Jowett, the stationmaster, carried his lantern out onto the platform and held
it up into the air. The snowflakes shown like iron filings in the beam of his
light, although there was really nothing there to touch. The fall of snow
exhilarated and refreshed him and drew him – full-souled, it seemed – out of
his carapace of worry and indigestion. The afternoon train was an hour late,
and the snow (whose whiteness seems to be a part of our dreams, since we take
it with us everywhere) came down with such open-handed velocity, such
swiftness, that it looked as if the village had severed itself from its context
on the planet and were pressing its roofs and steeples up into the air. The
remains of a box kite hung from the telephone wire overhead – a reminder of the
year’s versatility. ‘Oh, who put the overalls in Mrs. Murphy’s chowder?’ Mr.
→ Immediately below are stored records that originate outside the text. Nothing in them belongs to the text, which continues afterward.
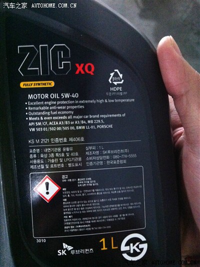 我和好多车友一样,首保过后出现爆震,非常恼火,怎么弄也弄不好,10000多公里2保的时候换了这个机油,从此爆震再没有出现过,不知道对大家有没有帮助,吉克全合成5W-40的黑桶机油,上图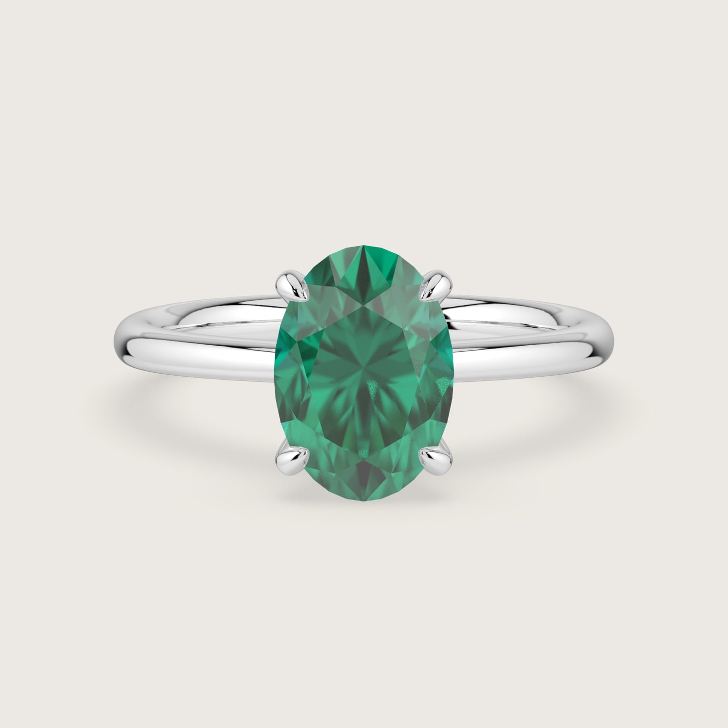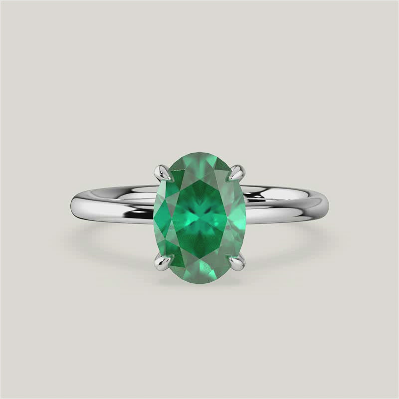 Lena, Oval Cut Emerald Solitaire Ring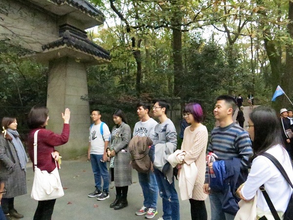 2017年11月12日,皇家华人 研究生会与南京信息工程大学大气科学皇家华人研究生会,在南京钟山风景区共同举办了“紫气东来,金陵花开”十九大学习交流活动。活动旨在学习和交流十九大精神,倡导珍爱自然,绿色出行的理念,共同迈向生态文明发展新时代,同时巩固两个学校学生之间的友谊,丰富课余生活,拓宽科研思路,促进双方在交流中共同进步。 12日上午,双方抵达灵谷寺大门,活动就此拉开序幕。两校研究生混合组合分为四个小队,同时向中山陵出发。各队队员们都非常活泼,团队氛围十分融洽。抵达后,为了宣传社会主义生态文明观,同学们在景区拉起“珍爱自然,绿色出行,迈向生态文明发展新时代”的横幅,此项活动得到了游客和市民们的一致赞赏和关注。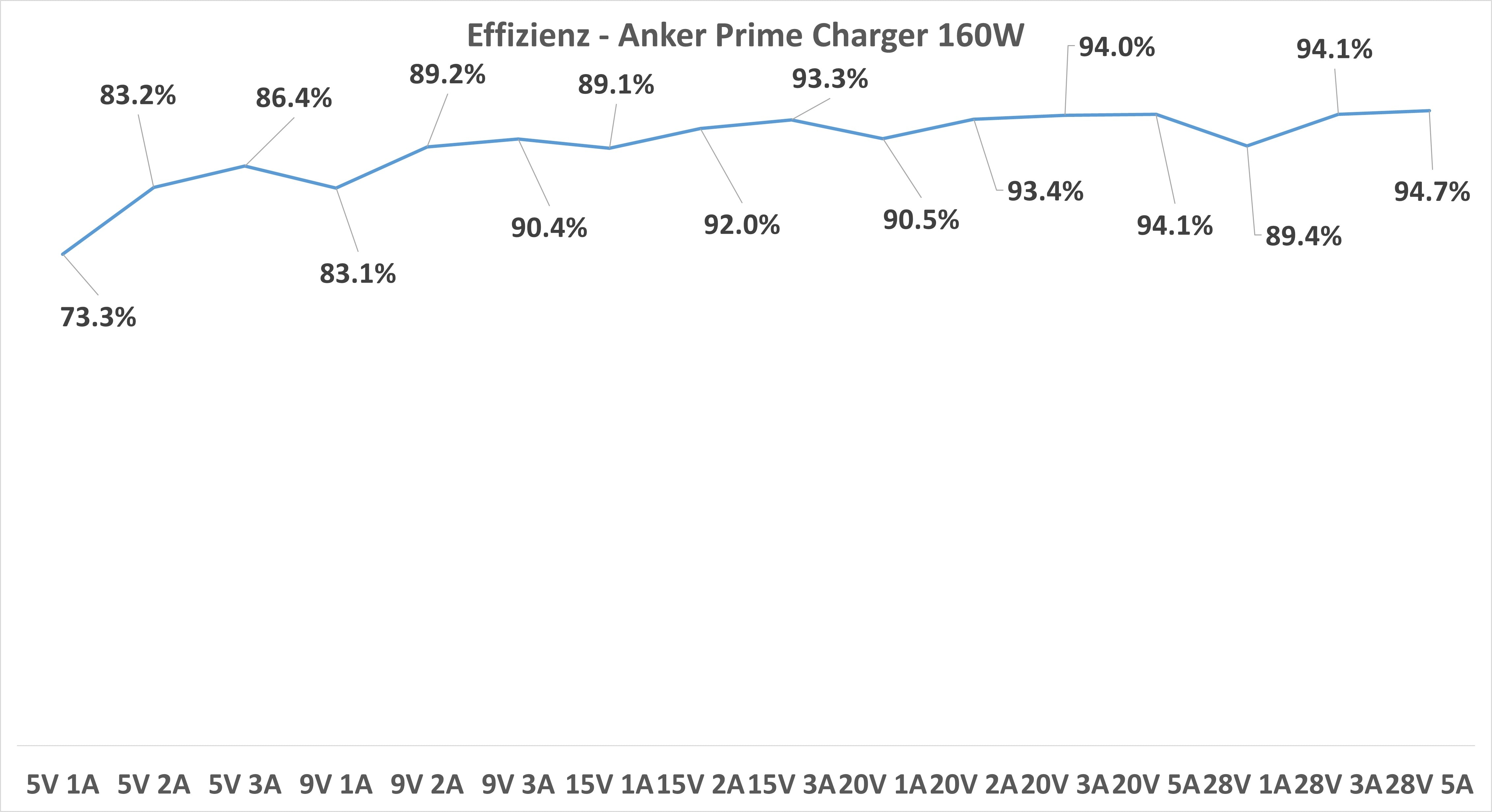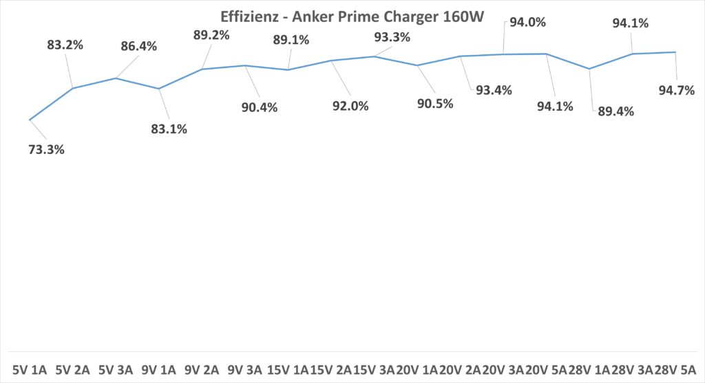 Diese schwankte bei mir im Test zwischen 73,3 % und 94,7 %. Gerade die 94,7 % bei 140 W Last sind absolut herausragend und erklären auch, warum das Ladegerät trotz der kompakten Abmessungen diese Last konstant standhalten konnte.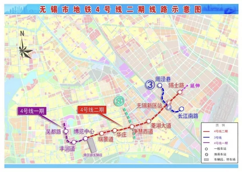 无锡地铁4号线二期工程,全长约8.3公里,举座呈东西向,主要沿震泽路、新华路敷设。
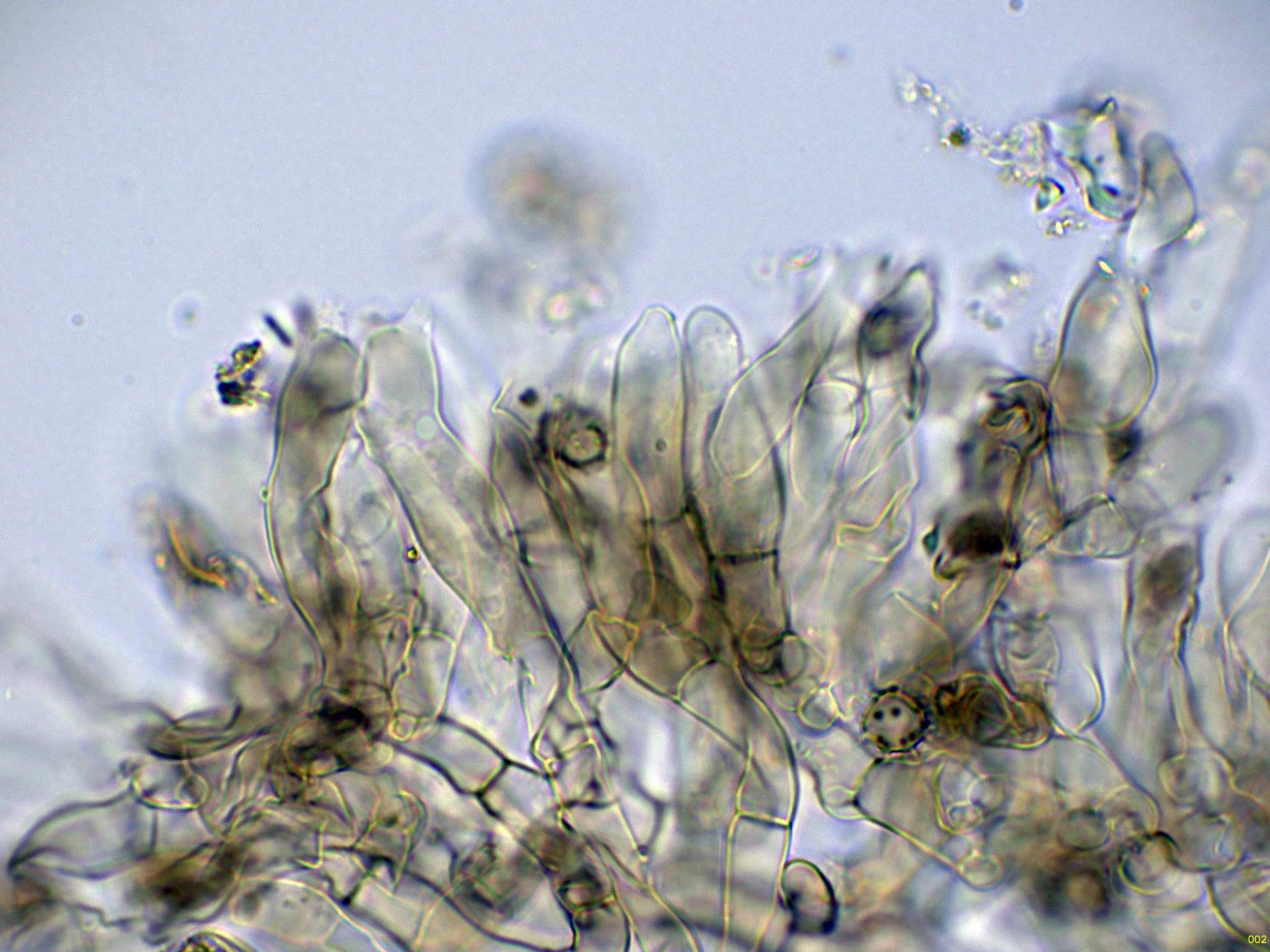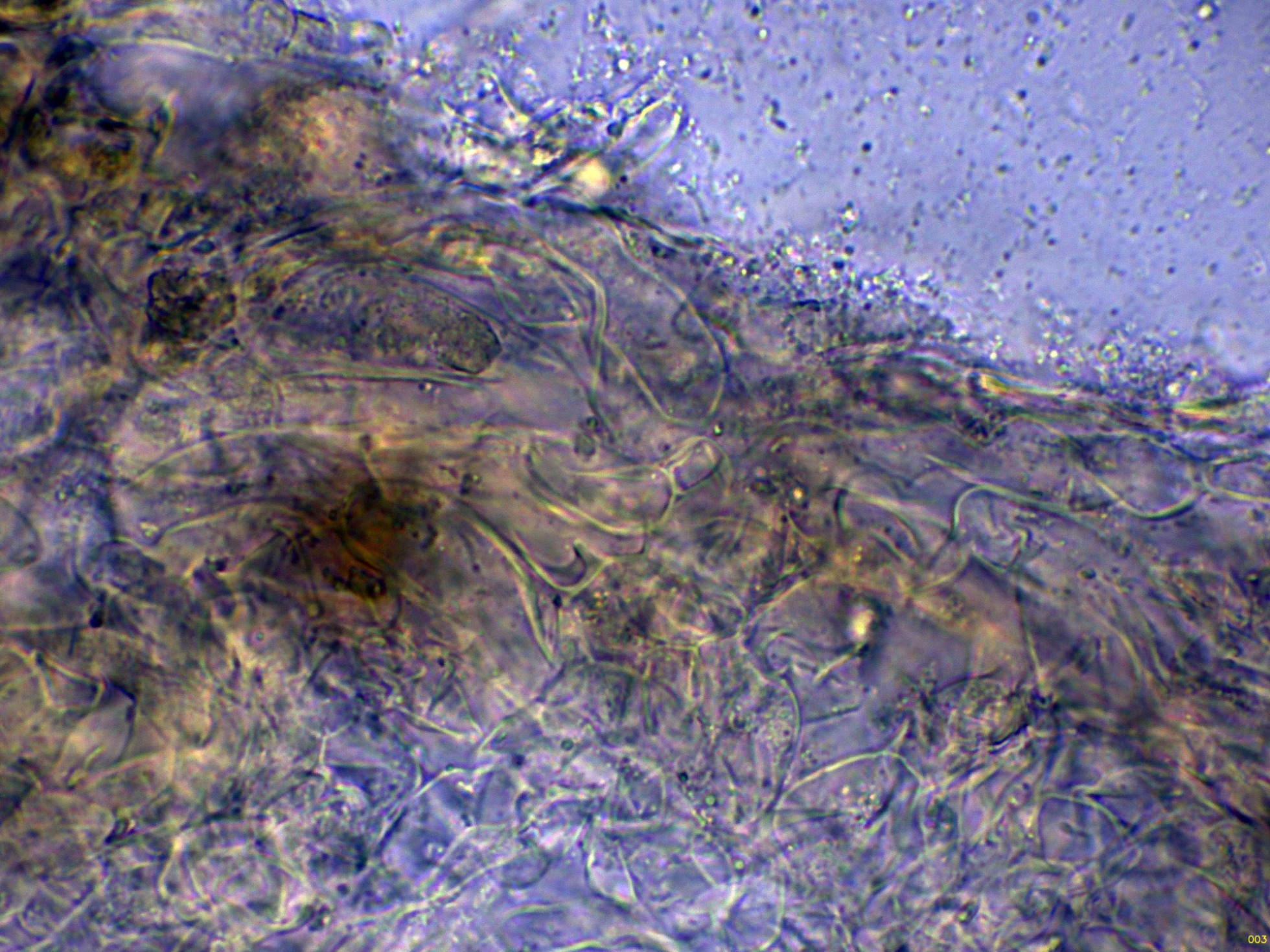 Superficie del basidioma a 20 aumentos:

Jowett sang loudly, although he knew that it was all wrong for the season, the
day and dignity of a station agent, the steward of the town’s true and ancient
boundary, its Gate of Hercules.”
The next
paragraph is even better, but I’ll quote only the first two sentences:
“Going
around the edge of the station he could see the lights of the Viaduct House,
where at the moment a lonely traveling salesman was bending down to kiss a
picture of a pretty girl in a mail-order catalogue. The kiss tasted faintly of
ink.”
The narrator
adds to the sense of collective sadness and wonder that hangs over the scene
and much of the novel, especially when he briefly shifts into the first-person
plural: “part of our dreams, since we take it with us everywhere.”